Tuesday, March 07, 2006

New Jersey Legislation Would Outlaw Anonymous Posts

A bill pending in the New Jersey legislature would make it unlawful to allow anonymous posts on a "public forum website." The bill provides:

The operator of any interactive computer service or an Internet service provider shall establish, maintain and enforce a policy to require any information content provider who posts written messages on a public forum website either to be identified by a legal name and address, or to register a legal name and address with the operator of the interactive computer service or the Internet service provider through which the information content provider gains access to the interactive computer service or Internet, as appropriate . . .

Any person who is damaged by false or defamatory written messages that originate from an information content provider who posts such messages on a public forum website may file suit in Superior Court against an operator or provider that fails to establish, maintain and enforce the policy required pursuant to [the pending legislation] and may recover compensatory and punitive damages and the cost of the suit, including a reasonable attorney's fee, cost of investigation and litigation from such operator or provider.

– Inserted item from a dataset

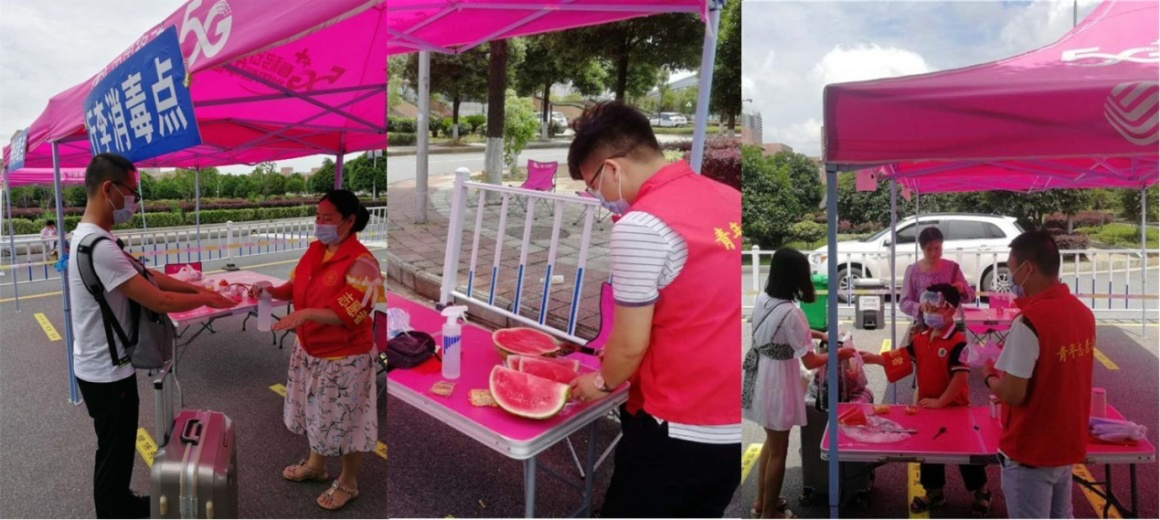还在产假期间的支部党员李庆芬同志在温度最高的时段来到了活动现场,细致地为学生进行行李消杀,她说道“一直想为疫情防控做点什么,今天是学校毕业生返校的最后一天,所以我来了”。支部有授课任务未能参加活动的同志,在课间带着西瓜来到了现场,一块块冰西瓜下肚,志愿者们夏日的暑热一扫而光。支部书记吴远志同志七岁的儿子在课后也来到了现场,他带上口罩和护目镜,有模有样的为返校学生进行体温监测、行李消杀,俨然一个“小小志愿者”。

While we would prefer that all of our posters identify themselves, many would probably choose not to if they could not post anonymously. On the other hand, those who post anonymously tend to write the most offensively. Some bloggers don't allow anonymous posts for that very reason.

3 comments:

Anonymous said...

While it might prevent people from posting libelous information, such a law might have a chilling effect on whistle blowing, too.

And if I'm reading this correctly, that makes the internet service provider responsible for maintaining records of people that use their service? -- Wonder what happens with spoofing, where someone pretends to be from a domain or provider that they don't actually use.

Gary R. Welsh said...

I believe anti-spam laws has something to say about spoofing. Don't know if it would apply here or not.

Anonymous said...

A.I. said, "those who post anonymously tend to write the most offensively."

Reads hypocritical to me!

Too, I thought identifing info on all 'anonymous' posts were available to the weblogger; am I correct?